2011年10月26日水曜日

賃金を下げても製造業の流出スピードは変わらないだろう

日銀が追加的金融緩和を検討中とのこと。アメリカも第3次量的緩和政策(QE3)に動くかもしれない。「市場では債務問題の抜本解決は難しいという見方がでている」、日経ではそう報道しているが、これはずいぶん前から出ていた見方だ。世界はどうやら協調的金融緩和政策(Concerted Expansionary Monetary Policy)に向かっているようだ。

但し、政府・日銀の政策対応からは、協調的(Concerted)というより、寧ろ従属的(Dependent)という形容詞が当てはまる匂いがする。そう感じるのは小生だけか?日本の対応が先読み可能なら、アメリカ、ヨーロッパは日本の行動を自らの利益拡大に利用するだろう。従属的な政策選択をするよりは、迷走状態にあって日本の判断がアメリカやヨーロッパからは明確に読めない。まだそんな状態にとどまるほうが、結果として日本のためにはなるだろう。状況に対応ばかりしていると、その行動パターンを利用されてしまうということだ。とはいえ、今の政府が戦略的目的をもって先手をとっていくはずがない。情けなくもあるが、現在の民主党政権にできることは、せいぜい現在のように百家争鳴のままでいることだ。そんな風にも思われるのですな。TPP論議もその例だ。

しかしながら、金融政策とは詰まるところマネーをどのように供給するかに過ぎない。そのマネーも決済のためのペーパーマネーである。ペーパーマネーを増やせば、真の意味で総需要が増え、企業の利益が上がり、技術進歩が促進され、投資が増え成長が加速し、失業率が下がる。そう考える人と、絶対にそうはならないと考える人がいる。考えない人は、ペーパーマネー拡大に伴う副作用を最も警戒するだろう。効き目がない薬だと思っていれば、その薬の副作用を真っさきに心配するものだから。しかし、ペーパーマネー拡大が、真の意味で経済成長をもたらすこともありうる。それも10年から20年単位で。小生はその可能性を否定しない。但し、インフレにコミットしなければならない。金は、中央銀行・政府の思惑とは別に、金鉱山が発見されれば必ず増えた。しかし管理通貨は中央銀行の裁量で増えるしかない。インフレは物価安定ではなく、物価不安定だから、中央銀行がインフレにコミットすることはできないだろう。政府にだけ可能だ。しかし、政府に金融政策の基本的方針を決定する権限はない。

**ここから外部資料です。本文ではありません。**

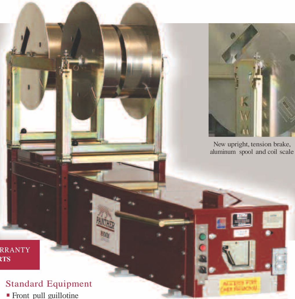
New upright, tension brake, aluminum spool and coil scale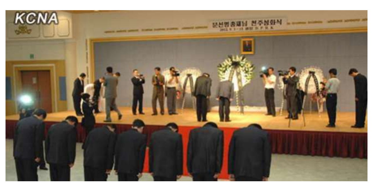
September 6, 2012 True Father Awarded National Reunification Prize from North Korea

The Presidium of the Supreme People's Assembly of the Democratic People's Republic of Korea (DPRK) on Sept. 6 conferred the National Reunification Prize posthumously upon True Father, as reported by the Korean Central News Agency (KCNA). "Moon positively contributed to realizing the nation's reconciliation and unity and the country's peaceful reunification and achieving the prosperity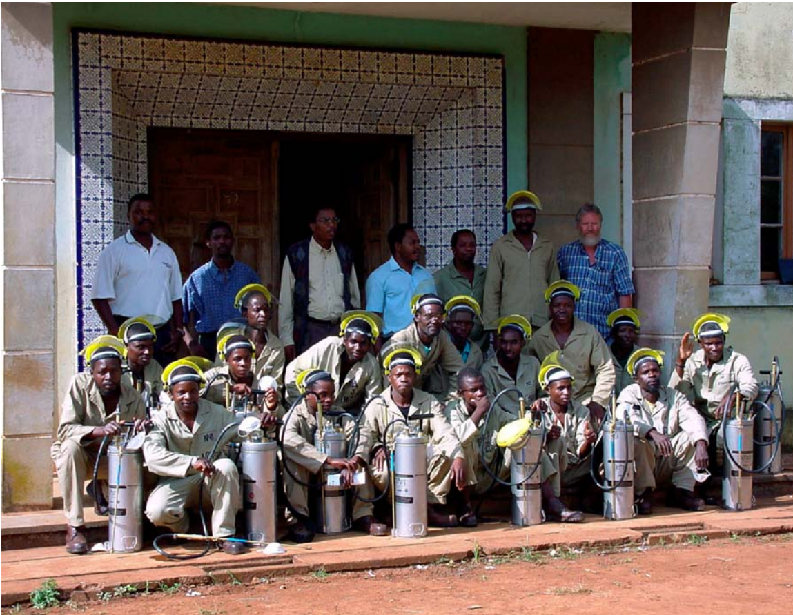
(Photographer – Francois Maartens (MRC-SA), Namaacha, southern Mozambique, 2000)

1050 17 th Street, NW Suite 520 Washington DC, 20036 United States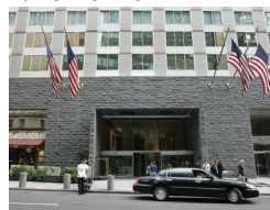
Parker New York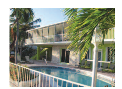
PORT LARGO POOL HOME - short sale - magnificent 4 bedroom home 3 baths Gourmet kitchen. Travertine floors, many upgrades and custom details. Very spacious. Call Jane or Wendy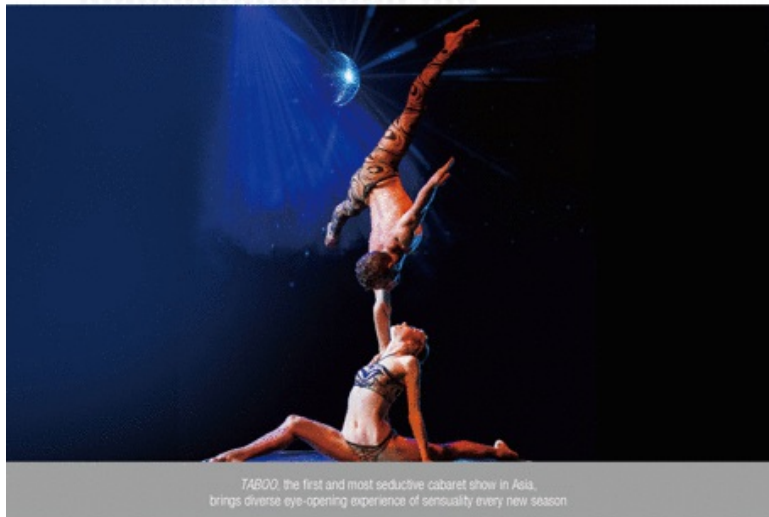
TABOO, the first and most seductive cabaret show in Asia, brings diverse eye-opening experience of sensuality every new season

Food, beverage and others. Other non-casino revenues (including the retail value of promotional allowances) for the six months ended June 30, 2014 included food and beverage revenues of US$40.6 million and entertainment, retail and other revenues of US$53.0 million. Other non-casino revenues (including the retail value of promotional allowances) for the six months ended June 30, 2013 included food and beverage revenues of US$37.9 million, and entertainment, retail and other revenues of US$45.9 million. The increase of US$9.8 million in food, beverage and other revenues from the six months ended June 30, 2013 to the six months ended June 30, 2014 was primarily due to higher business volumes associated with an increase in visitation during the period, as well as the improved yield of rental income at City of Dreams.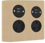
Power Module UPW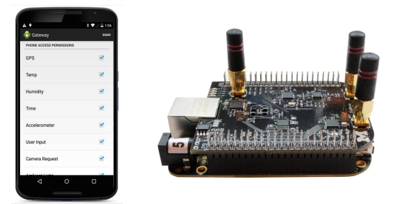
Figure 2: Android and Generic Access Point gateways.

Our gateway protocol supports two modes of interaction between the BLE device and the gateway: connectionlessand profile-forwarding, as shown in Figure 1. The first, connectionless, allows for very brief communication windows with very small payloads (eight bytes) and is optimized for extremely low energy operation. All forwarding parameters and data are encoded in a single BLE advertisement packet. The BLE device wishing to transmit to the Internet broadcasts a single packet that any gateway can receive, process, and forward to the correct destination. This method effectively represents the minimum requirements for offloading and forwarding data via BLE.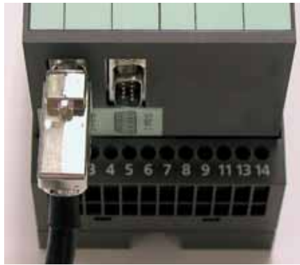
2 plug connectors (9-pin D-SUB) each for 3 low voltage signals from electronic current and voltage transformers.

日本のデフレは構造に組み込まれている現象だ。デフレが進む時、円高になっていなければ、それは名目国民所得の低下でしかない。しかし、日本のデフレは円高を誘発している。国際通貨で測った名目所得は低下してはいない。この時、日本のヒトと資本が割高に、海外のヒトと資本が割安になる。だから生産活動はより安い生産要素がある海外に移動する。だから海外の生産は上がり、海外の所得が増える。しかし同時に、国際通貨で測った日本の所得も増えている。増えた海外の生産活動は、海外市場だけではなく、実質所得が増大した日本で買い支えられる結果となる。何を、どこで、誰のために、どのように製造して販売するかは、企業の経営現場で選択するのが最適である。日本には管理・中枢部門が残り、それに必要な高度の対企業サービス商品が登場するのは、時代の流れである。

円高が進む製造業において競争力確保のためだけに賃金を引き下げる。それに並行して公務員の給与も下げる。それをやっても、物価が更に下がり、円高を誘発するだけである。実質金利が低下せず事業投資も増えないだろう。利益の発生は、投入価格と産出価格の間の交易条件こそ決定要因だ。ミクロの経営現場が顧客評価の高いものを提供することでしか利益は得られない。全般に、モノの顧客評価が割安になっているなら、モノ以外の顧客評価は割高になっているというロジックだ。いま日本のするべきことは、賃金を下げて安いモノを販売することではない。高くても売れるモノ、高くても必要とされるサービスを提供することだ。たとえ、それが格差拡大を是認するような富裕層向けのビジネスであっても、その事業が拡大し、そこで若年層の就業機会が拡大していくようなら、それでいいではないか。そうすれば、高齢者が子弟の将来のために保有しているマネーが購買力として日本国内に顕在化するだろう。これがひいては格差拡大を解消すると考えられないのだろうか?